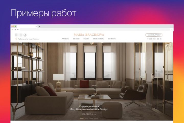 Персональный сайт основательницы студии Mary Ibragimova Interior Design.
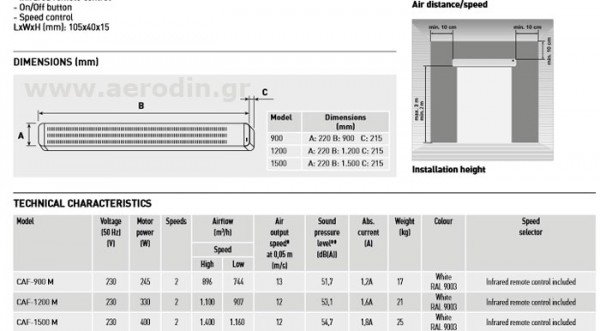 ΑΕΡΟΚΟΥΡΤΙΝΕΣ ΔΙΑΣΤΑΣΕΙΣ 900Χ220Χ215 2 ταχ 744-856 M3/H 51,7 DB Υψηλής ποιότητας, εξαιρετικά λεπτού και καλαίσθητου προφίλ Κατακευασμένη εξ ολοκλήρου από ατσάλι, φινιρισμένη με διακριτικό αντιοξειδωτικό χρώμα Αθόρυβης λειτουργίας που οφείλεται στη μοναδική συνεργασία μοτέρ και φτερωτής Όλα τα μοντέλα συνεργάζονται με θερμικό προστασίας Εύκολη εγκατάσταση Για ύψος πόρτας έως 3m Με ασύρματο χειρηστήριο ΕΦΑΡΜΟΓΕΣ σε καταστήματα,καφέ μπάρ,εμπορικά κέντρα και χώρους εστίασης. Air Curtains Dimensions: 900x220x215, 2 speeds, 744-856 M3/H, 51.7 dB High-quality, exceptionally thin and aesthetically pleasing profile Constructed entirely from steel, finished with discreet anti-corrosive color Quiet operation due to the unique collaboration of the motor and impeller All models are equipped with thermal protection Easy installation For door heights up to 3m With wireless remote control Applications: suitable for stores, cafes, bars, shopping centers, and dining areas.
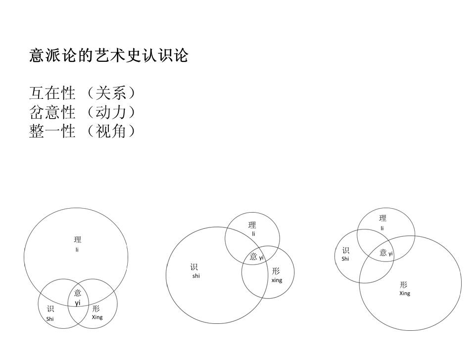 其实意派主要是讲这个,而不是一个风格。从匣子、格子和框子的角度来说,中国传统绘画就是一个例子,它没有取景画,因为它是一个长卷,其中心点在动。画家绝对不会拿一个丢勒式的框子去面对对象,这个长卷不是一个取景框能决定的东西。比如,“三远”, 平远、深远和高远,能放在一张画上吗?不可能,你怎么能往上看,往深看同时又往两边看?问题是,三远应该把主体、对象和情境都放在里面去,三远的角度给我们艺术史家提供一个角度,我们能否从三远角度去解读这个艺术作品,这是给我们一个挑战。主要的是主体性并不排斥在取景框之外,他可游可居,可以出来可以进去。所以,这些传统的东西,虽然我们用的是古代的概念,但是在后现代以来当代西方理论当中,我们也可以吸取一些有用的东心,能够融合嫁接起来,形成一种新的艺术史或者艺术理论的视角。这是我思考的一个东西。其实,不光山水画,古代人物画亦如此,不能单独从匣子、格子和框子的一个角度去认识。比如,《韩熙载夜宴图》分成几个部分,用屏风隔开每一部分,形成一个空间自然连接和循环的运动透视,所以我觉得我们眼界和思维应该更宽一些,意派因此是一个艺术史的认识论不是风格或者形式主义或者流派的规定性理论。一、互在性,我觉得互在性是一个关系,是一个永远有向着“理、识、形”中的一方倾斜的关系,所以,它没有一个永远的绝对真理,或者说,意或者真理永远是缺失的。二、岔意性。缺失造成岔意,而缺失就是动力,有动力才让世界中各方面发生关系。 岔意性是一个动力。我们要把这些角度具体到某种研究中,比如说研究抽象画,我们就可以从“理的倾斜”这个角度介入到具体作品的研究中,探讨它的意义。三、整一性,它是一个视角,有的那边侧重一些,有的那边可能需要更多的关注一些,但是你不能忘记其他的方面,你的主体性可能被很多所谓的客体性牵制,你要不断的在理、识、形之间移动才能把握整体,文化也好艺术史研究也好,都要把握这种整一性。
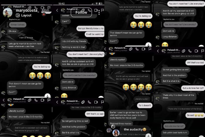 The controversy took an even more high pace when screenshots of Palash’s alleged flirty messages with another woman went viral online. These messages included invitations for outings and intimate talks thus sparked accusations of emotional cheating.
▬▬▬▬▬▬
* [WORK INSTRUCTIONS]: Return the complete material above exactly, with no picture.

* [REPLY TO THE TASK]:
 Персональный сайт основательницы студии Mary Ibragimova Interior Design.
 ΑΕΡΟΚΟΥΡΤΙΝΕΣ ΔΙΑΣΤΑΣΕΙΣ 900Χ220Χ215 2 ταχ 744-856 M3/H 51,7 DB Υψηλής ποιότητας, εξαιρετικά λεπτού και καλαίσθητου προφίλ Κατακευασμένη εξ ολοκλήρου από ατσάλι, φινιρισμένη με διακριτικό αντιοξειδωτικό χρώμα Αθόρυβης λειτουργίας που οφείλεται στη μοναδική συνεργασία μοτέρ και φτερωτής Όλα τα μοντέλα συνεργάζονται με θερμικό προστασίας Εύκολη εγκατάσταση Για ύψος πόρτας έως 3m Με ασύρματο χειρηστήριο ΕΦΑΡΜΟΓΕΣ σε καταστήματα,καφέ μπάρ,εμπορικά κέντρα και χώρους εστίασης. Air Curtains Dimensions: 900x220x215, 2 speeds, 744-856 M3/H, 51.7 dB High-quality, exceptionally thin and aesthetically pleasing profile Constructed entirely from steel, finished with discreet anti-corrosive color Quiet operation due to the unique collaboration of the motor and impeller All models are equipped with thermal protection Easy installation For door heights up to 3m With wireless remote control Applications: suitable for stores, cafes, bars, shopping centers, and dining areas.
 其实意派主要是讲这个,而不是一个风格。从匣子、格子和框子的角度来说,中国传统绘画就是一个例子,它没有取景画,因为它是一个长卷,其中心点在动。画家绝对不会拿一个丢勒式的框子去面对对象,这个长卷不是一个取景框能决定的东西。比如,“三远”, 平远、深远和高远,能放在一张画上吗?不可能,你怎么能往上看,往深看同时又往两边看?问题是,三远应该把主体、对象和情境都放在里面去,三远的角度给我们艺术史家提供一个角度,我们能否从三远角度去解读这个艺术作品,这是给我们一个挑战。主要的是主体性并不排斥在取景框之外,他可游可居,可以出来可以进去。所以,这些传统的东西,虽然我们用的是古代的概念,但是在后现代以来当代西方理论当中,我们也可以吸取一些有用的东心,能够融合嫁接起来,形成一种新的艺术史或者艺术理论的视角。这是我思考的一个东西。其实,不光山水画,古代人物画亦如此,不能单独从匣子、格子和框子的一个角度去认识。比如,《韩熙载夜宴图》分成几个部分,用屏风隔开每一部分,形成一个空间自然连接和循环的运动透视,所以我觉得我们眼界和思维应该更宽一些,意派因此是一个艺术史的认识论不是风格或者形式主义或者流派的规定性理论。一、互在性,我觉得互在性是一个关系,是一个永远有向着“理、识、形”中的一方倾斜的关系,所以,它没有一个永远的绝对真理,或者说,意或者真理永远是缺失的。二、岔意性。缺失造成岔意,而缺失就是动力,有动力才让世界中各方面发生关系。 岔意性是一个动力。我们要把这些角度具体到某种研究中,比如说研究抽象画,我们就可以从“理的倾斜”这个角度介入到具体作品的研究中,探讨它的意义。三、整一性,它是一个视角,有的那边侧重一些,有的那边可能需要更多的关注一些,但是你不能忘记其他的方面,你的主体性可能被很多所谓的客体性牵制,你要不断的在理、识、形之间移动才能把握整体,文化也好艺术史研究也好,都要把握这种整一性。
 The controversy took an even more high pace when screenshots of Palash’s alleged flirty messages with another woman went viral online. These messages included invitations for outings and intimate talks thus sparked accusations of emotional cheating.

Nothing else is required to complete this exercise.